Seeing Faith

In “The Last Crusade” movie, Indiana Jones pursues the holy grail.  Near the end of the journey he faces a chasm with no way to cross. “It’s a leap of faith,” he mutters, as he steps into the abyss. To his surprise, his foot lands on a bridge he cannot see.

It takes no climactic leap of faith for you to board an airliner to Paris. People have been riding the winds above the Atlantic Ocean for nearly 100 years since Charles Lindbergh showed us the way.

The difference between these two is blind faith vs. seeing faith.  It matters because the Christian faith is not a blind faith. In its worst form, blind faith doesn’t care about what is true – it believes anyway. Those who reject a religion of blind faith are right to do so, but don’t accuse Christians of being taken captive by such “empty deception” (Col. 2:8). We see reasons to believe.

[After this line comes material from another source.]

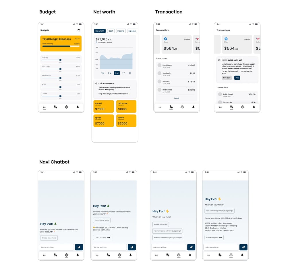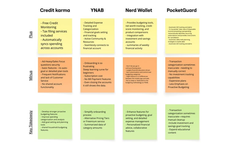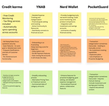 I dove deep into Mobbin's extensive library of real-world app screens and user flows to research on YNAB, Credit Karma, and PocketGurd, Nerd Wallet. Also, I got more detailed insights from Gemini and ChatGPT.
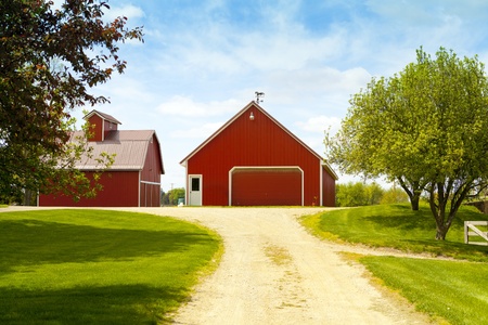 scenic dirt road between rustic barns on a beautiful farm

God has proven that He will reveal Himself in human history and reality. He showed Himself to Moses in the burning bush. Babylonian King Nebuchadnezzar saw a fourth person in the fiery furnace, and was overwhelmed by that reality of God Almighty. Thomas doubted no longer when he saw and touched the resurrected Jesus. Jesus even showed his authority to forgive sins by making the paralyzed man get up and walk (Matt. 9). All these encounters resulted in visible evidence – reasons to believe.

Do you see the evidence of the Bible? It had 40 human contributors spanning 1500 years writing in three languages, yet it is a coherent narrative of human history and experience. It has hundreds of prophecies, some very specific, all written centuries before Jesus fulfilled them. It explains what you see now: the universe exists, evil persists, and morality is universal. It explains why you yearn for beauty, admire innocence, and cling to life. It explains brokenness, justice, restoration, and hope. The Bible makes sense of the world as you experience it.

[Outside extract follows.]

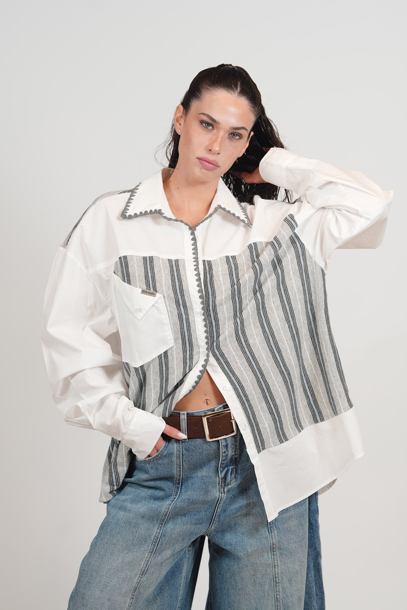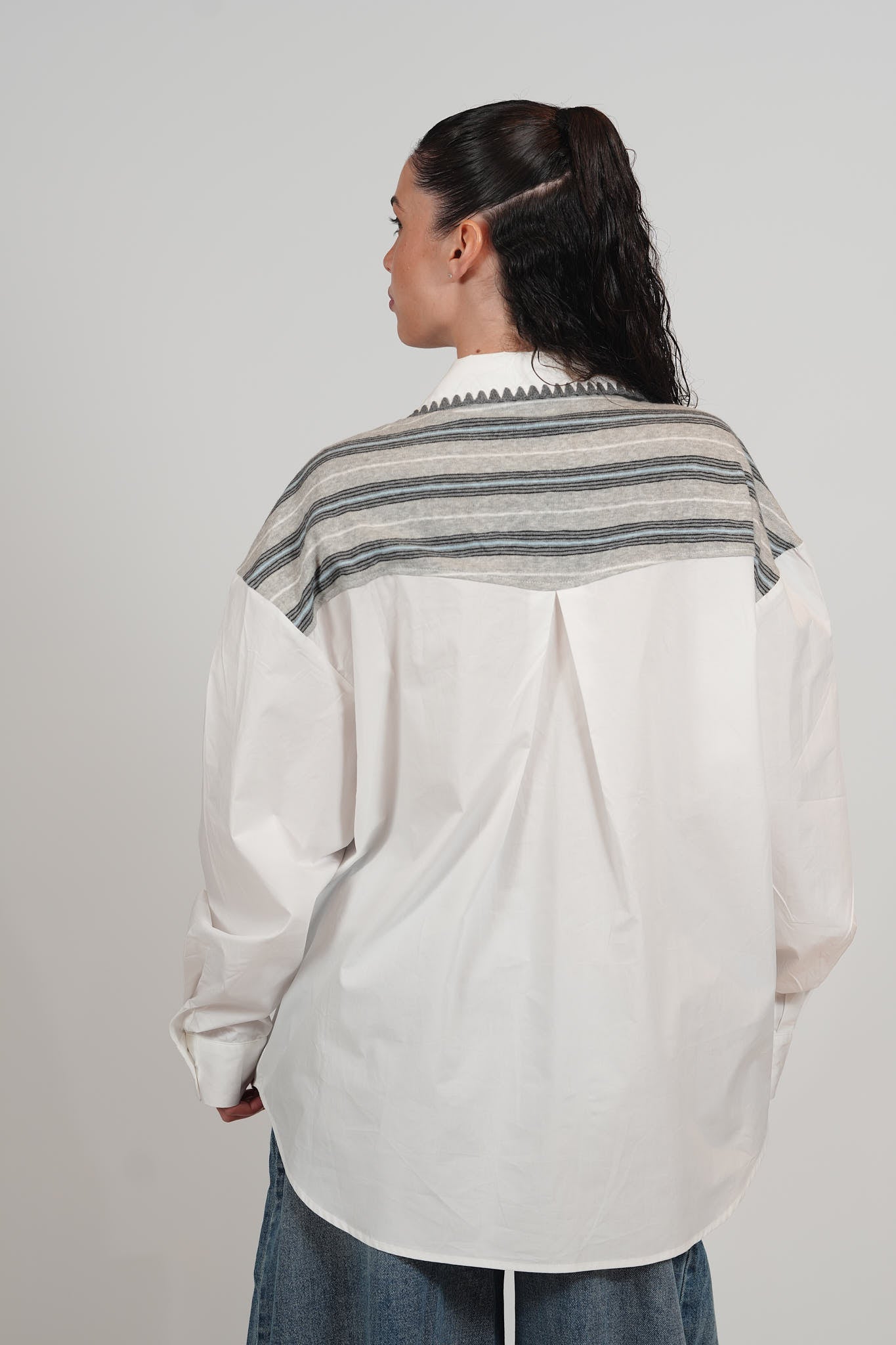 מכופתרת פסים שילוב סריג

Do you see the evidence of creation? As you would expect, the more science discovers about the material world, the more it points to a prior intelligence. (I recommend Stephen Meyer’s new book, The Return of the God Hypothesis.) Creation is God’s other “book.” The Bible says, “His eternal power and divine nature have been clearly seen, being understood through what has been made” (Rom. 1:20).

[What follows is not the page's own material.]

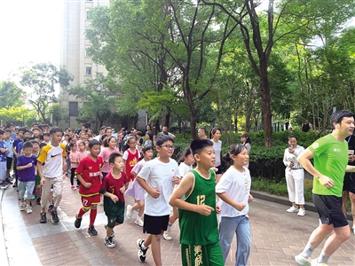 平时从事知识产权方面工作的上官光将,也是小区资深的志愿者,每天早上7点跑步一直是他的固定项目。“以前是我自己跑,跑着跑着发现几个熟悉的孩子每天都跟在我后头,后来我和家长们一拍即合,干脆带着大家一起跑。”

Indiana Jones exercised blind faith in search of the cup that gives eternal life. That plot line appeals because eternity is set into the human heart (Ecc. 3:11). In the real world, to possess eternal life is to believe in a real Jesus who lived, died, and lives again. The evidence you can see is the foundation of your faith. Faith is not a blind leap into darkness, it’s a step into the light.